Growing up I enjoyed my share of cakes, cobblers, and pies, but there’s something so quick and easy about a blueberry crisp, that it’s my first choice when I’m short on prep time.
What is Blueberry Crisp?
Similar to Blueberry Crumble, it’s a baked fresh fruit dessert that traditionally has a topping made with flour and oats. A crumble usually has a streusel topping. The oats crisp up while baking and a streusel topping tends to be more dense.
This is one of my favorite desserts because I’m a fan of fresh blueberries and I love a crisp oatmeal topping.
Why this Recipe Works
- Fresh lemon juice in the filling and a touch of cinnamon in the topping enhances the flavor of the blueberries.
- Using both brown and white sugar adds a subtle sweetness to the crisp.
- The cold butter adds extra crunch to the topping.
Ingredients You’ll Need:
Blueberry Filling
- Blueberries - Fresh berries are my recommendation.
- Sugar - White granulated sugar.
- Gluten free flour blend - I use Bob’s Red Mill 1 to 1 in almost all of my baking recipes.
- Lemon juice - Using fresh lemon juice brings out the flavor of the blueberries.
- Salt - Table salt.
Crisp Topping
- Gluten free flour blend - Bob’s Red Mill 1 to 1 is my go-to brand.
- Oats - Old fashioned rolled oats (certified gluten free). It’s important to use certified gluten free oats, if you’re baking for someone with Celiac disease.
- Brown sugar - I use golden brown sugar, but light or dark brown sugar will also work.
- Sugar - White granulated sugar.
- Cinnamon - Ground cinnamon.
- Salt - Table salt.
- Butter - I always use unsalted butter when baking. Unsalted butter allows you to control the amount of salt in the recipe. For dairy free use a non-dairy butter like Earth Balance.
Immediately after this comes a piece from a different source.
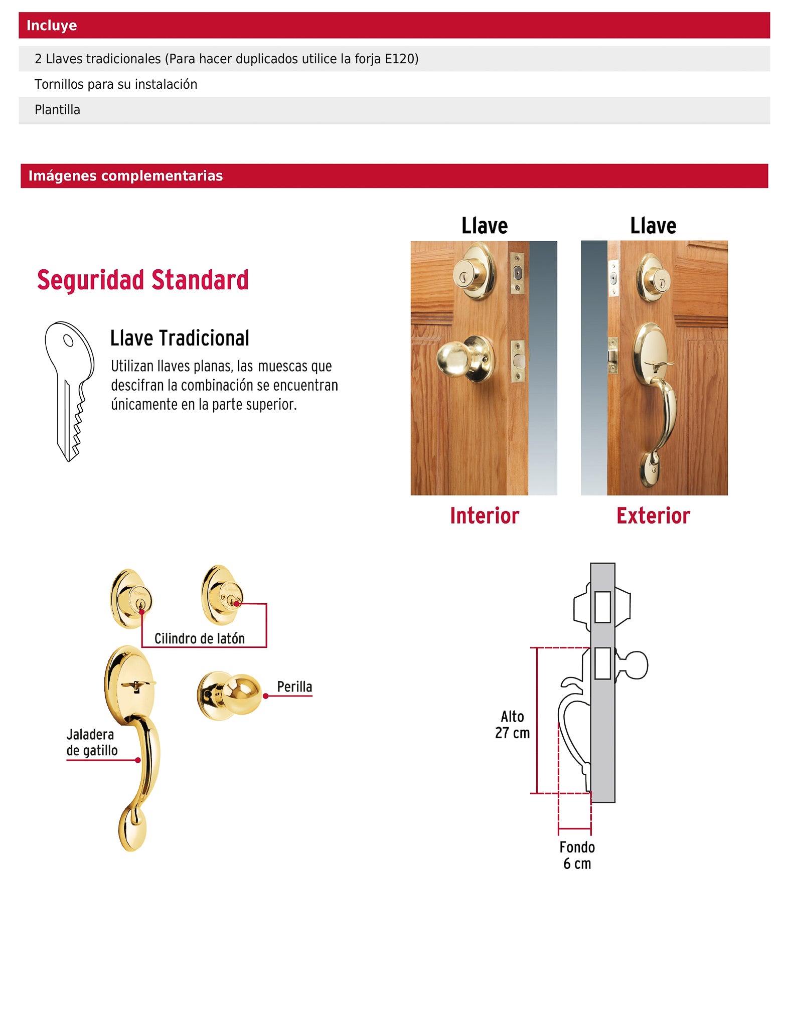 - Incluye 2 llaves tradicionales, tornillos y plantilla.

How to Make Fresh Blueberry Crisp
- Wash fresh blueberries and remove any stems.
- Toss in sugar, gluten free flour blend, lemon juice, and salt.
- Add to a buttered 9-inch pie dish.
- Make the crisp topping and sprinkle over the blueberry filling.
- Bake until lightly browned and bubbling.
- Serve warm.
Step By Step Instructions
(For ingredient amounts see the recipe card at the bottom of the post.)
Preheat the oven to 375 degrees F. Butter a 9-inch pie dish or 2-quart baking dish.
In a large mixing bowl, add the blueberries, lemon juice, 2 tablespoons of gluten free flour, sugar, and salt.
Toss well to combine.
Transfer the blueberry filling to the prepared baking dish and spread into an even layer.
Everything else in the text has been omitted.